Let’s assume for this situation that some of these additional security measures weren’t possible or failed for some reason. Waking up to someone tying my hands behind my back and telling me he’ll kill me would lead me to believe that the assailant likely has a weapon or perhaps plans to strangle me. Whether his threats are empty or not, I’d have to think quickly.
My legs aren’t bound yet, and I’ve learned how to break out of duct tape, even with my hands tied behind my back. Assuming he’d have to change positions and release his knee from my back at some point, I wouldn’t say a word or scream, but instead just wait. I have no idea if anyone would even hear my screams, so screaming would be useless at this point.
The moment he releases his knee from my back, I’d roll to the opposite side of the bed so that I could fall to the floor, sit up, and quickly lunge my hands up as far as they’ll go and forcefully drop them back down again to attempt to break the duct tape. By rolling away from my attacker, it gives me a few moments to work on getting out of the tape. If I couldn’t break the tape with the first thrust down, I would try to slip my legs through my arms. While this can be difficult and takes practice, it can be done.

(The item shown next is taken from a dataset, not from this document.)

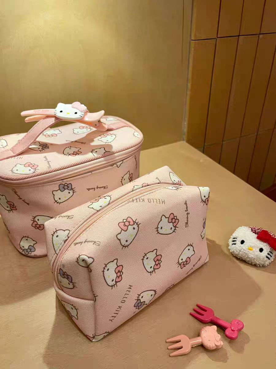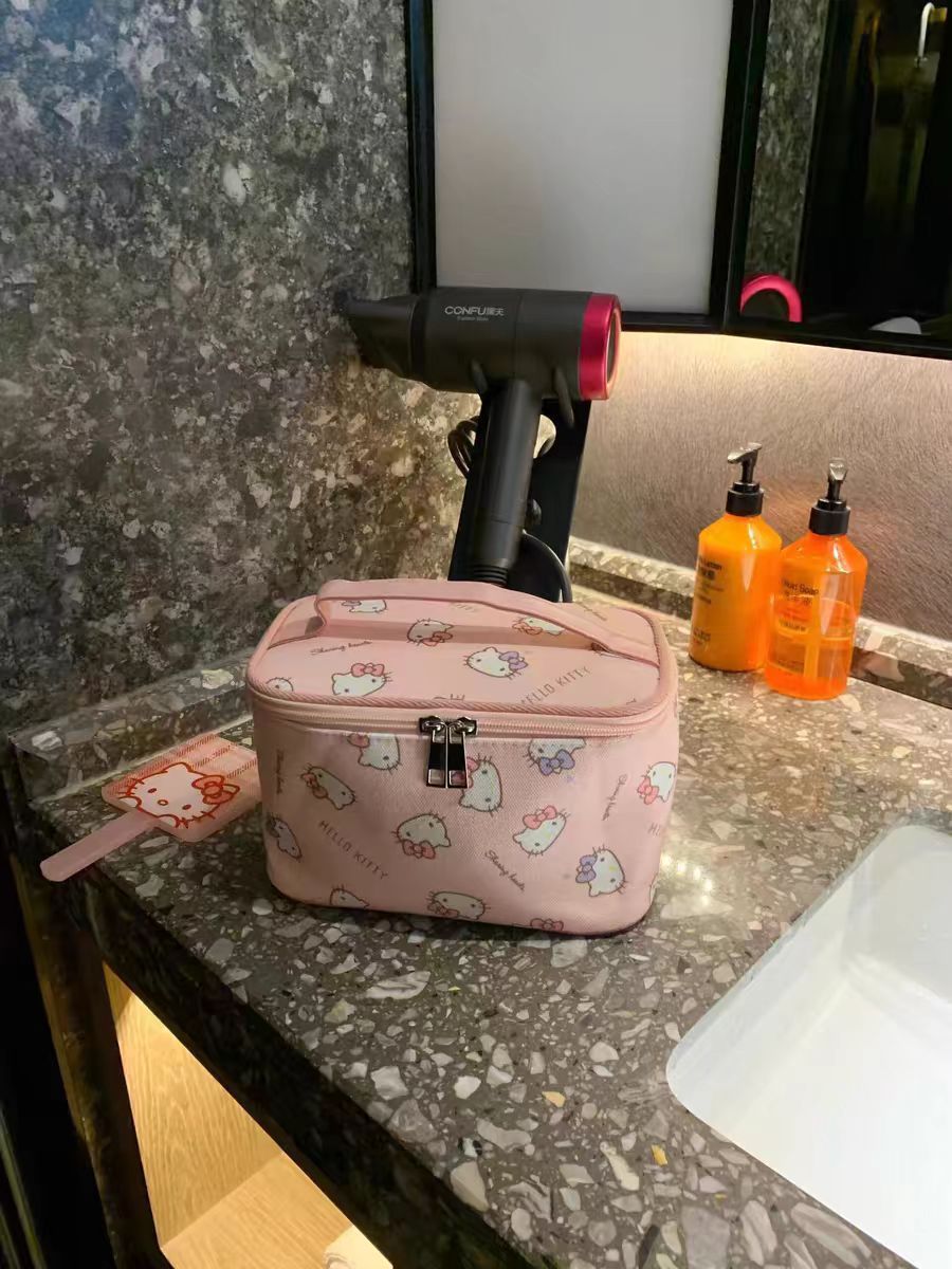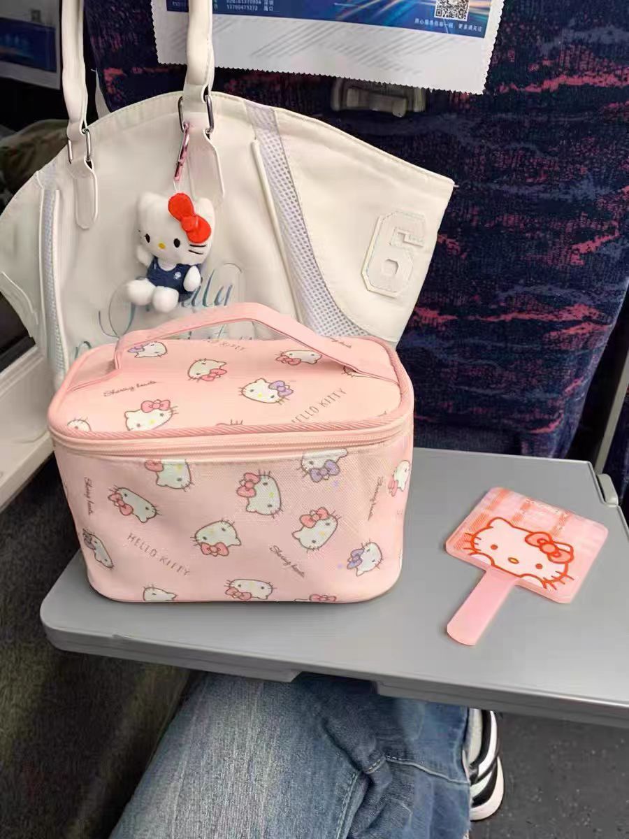 새로운 키티 귀여운 대용량 휴대용 수납 핸드백 여행 세면 용품 입체 화장품 가방스토어 가기

This would all happen quickly, but I’d be banking on the possibility that my attacker would be caught off-guard by my sudden actions and wouldn’t react right away. I’d pull the duct tape up enough to see clearly as soon as I freed my hands. If he wrapped his arms around me from behind to try to subdue me once again, I would attempt to lift my arms up and break free from his grip, turn, and punch him in the groin — a good spot to hit, whether you’re fighting a male or female.
If I couldn’t break free from his hold with this technique, I could also simply bend down a bit and attack the groin, step on his feet, kick him in the shins, legs, or whatever your limbs I can reach — attacking some area of his body is better than doing nothing. I would try to jump over the bed to access my phone or purse to retrieve my firearm or knife.
If he grabbed my leg and tried to pull me back, with my other leg, I would kick his arm, face, or whatever my free leg could reach. I could also possibly use the sheets to cover his head and disorient him. If I couldn’t retrieve my knife or firearm fast enough, I’d be reaching for and throwing whatever I could at him to slow him down. Anything can be an improvised weapon and could potentially put him on the defensive.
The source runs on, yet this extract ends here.